Development of the levy and work of the Establishment Board

The Forest Owners' Association and the Farm Forestry Association, in sponsoring the seeking of a levy order, were aware that the Commodity Levies Act requires the involvement of an Industry organisation. The job of the Industry Organisation is two-fold. First, to prepare the application to the Minister for a Levy Order. This includes consulting with industry, conducting a referendum and determining the parameters for the proposed levy, e.g. commodity, rate, collection method, uses etc. Secondly, on the granting of a Levy Order, to be the body which receives and applies the levy funds for the purposes as determined.

With neither of the existing bodies being entirely suitable to be the Industry organisation, the Forest Growers Levy Trust Inc. has been set up for this purpose. It has been incorporated with a small initial membership to meet the requirements of the Incorporated Societies Act, broadly representative of the forest growing industry. The members have a statutory role only and no involvement in the operation of the Board. An initial Board, being known as the Referendum Board, again broadly representative of the forest growing industry, was selected by the two Associations and has been getting on with the first task. The initial constitution, which is an interim one only, focuses on that first task. In parallel with this the Referendum Board is charged with looking forward to the second role of the Trust in the expectation of the granting of a Levy Order. This has included the development of Levy Trust Principles which will be reflected in either the Levy Order or in an amended constitution for the Forest Growers' Levy Trust Inc. to fit the new role.
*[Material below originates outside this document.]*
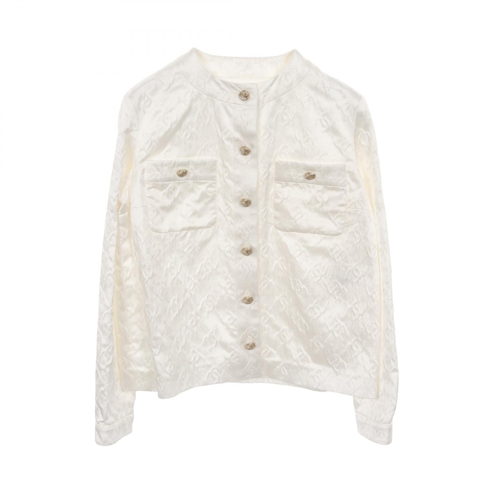 ◆全品5%OFFクーポン対象◆シャネル CHANEL ココマークボタン ノーカラージャケット 衣料品 アウター シルク コットン レディース ホワイト系 P79802V72080 【中古】

The Levy Order itself will specify such things as the commodity to be levied, the collection method, the uses to which the levy funds may be put and the Act itself requires accountability and reporting to levy payers. The Levy Trust Principles go further in committing to a new constitution and policies which will include replacing the Referendum Board with a Trust Board of seven persons comprising two elected by forest growers with less than 1,000 hectares of forest, four elected by forest growers with more than 1,000 hectares of forest and with the seventh appointed by the six elected members, all being elected for a two year term. All forest owners, as defined for the referendum, will be eligible to vote for members of the Trust Board. There will be transitional provisions to ensure an efficient and effective transfer from the Referendum Board to the Trust Board.

The Trust Board will be a trustee to collect, hold and apply the levy funds on behalf of levy payers. It is not seen as an industry peak body with an activist role. By and large, industry activities will remain with the various groupings and agencies currently operating in the industry or arising in the future. Whilst the Trust Board will be primarily accountable to its constituency, being the current or potential levy payers, it will have a responsibility to consider the interests of the forest growing industry as a whole in determining the use of levy funds. In general terms, those uses will encompass industry good activities aimed at advancing the forest growing industry and enhancing profitability through asset protection, training, input to central and local government, industry standards and communications, and particularly through research from pre-planting right through to harvesting and markets.

The Levy Trust Principles will also require the Trust Board to put in place a programme and procedures to determine the use and disbursement of levy funds. This will undoubtedly involve consultation with the industry as the Trust Board charts its role as Trustee for the industry.
The whole governance strategy has been planned on the basis of an initial organisation with an interim constitution to seek a Levy Order and then, in the event of success in that regard, "re-inventing" as a Trustee holding the levy funds and listening to its constituency as to their best use in the interests of the forest growing industry.